Acta Crystallogr Sect F Struct Biol Cryst Commun. 2013 Apr 1;69(Pt 4):435-7. doi: 10.1107/S1744309113005642. Epub 2013 Mar 28.
The CARMA1 signalosome, which is composed of CARMA1 [caspase recruitment domain (CARD) containing MAGUK protein 1], BCL10 (B-cell lymphoma 10) and MALT1 (mucosa-associated lymphoid tissue lymphoma translocation protein 1), is a molecular-signalling complex that performs pivotal functions in T-cell receptor (TCR) and B-cell receptor (BCR) mediated NF-κB activation. In this study, the CARD domain of human CARMA1 (CARMA1 CARD), corresponding to amino acids 14-109, was overexpressed in Escherichia coli using an engineered C-terminal His tag. CARMA1 CARD was then purified to homogeneity and crystallized at 293 K. Finally, X-ray diffraction data were collected to a resolution of 3.2 Å from a crystal belonging to space group P2(1)2(1)2(1) with unit-cell parameters a = 45.73, b = 53.37, c = 91.89 Å.

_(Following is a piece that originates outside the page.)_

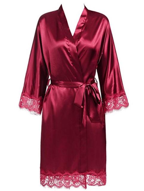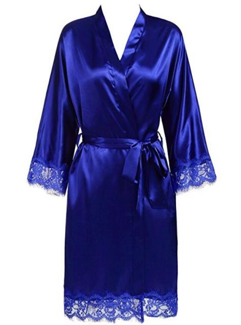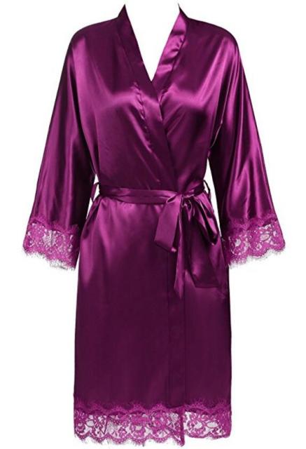 Dámský saténový župan s krajkou v několika elegantních barevných variantách s páskem.

CARMA1信号小体由CARMA1(含半胱天冬酶招募结构域的膜相关鸟苷酸激酶蛋白1)、BCL10(B细胞淋巴瘤10)和MALT1(黏膜相关淋巴组织淋巴瘤易位蛋白1)组成,是一种分子信号复合物,在T细胞受体(TCR)和B细胞受体(BCR)介导的NF-κB激活中发挥关键作用。在本研究中,人CARMA1的CARD结构域(CARMA1 CARD,对应于氨基酸14 - 109)使用工程化的C末端组氨酸标签在大肠杆菌中过表达。然后将CARMA1 CARD纯化至同质,并在293 K下结晶。最后,从属于空间群P2(1)2(1)2(1)、晶胞参数a = 45.73、b = 53.37、c = 91.89 Å的晶体收集到分辨率为3.2 Å的X射线衍射数据。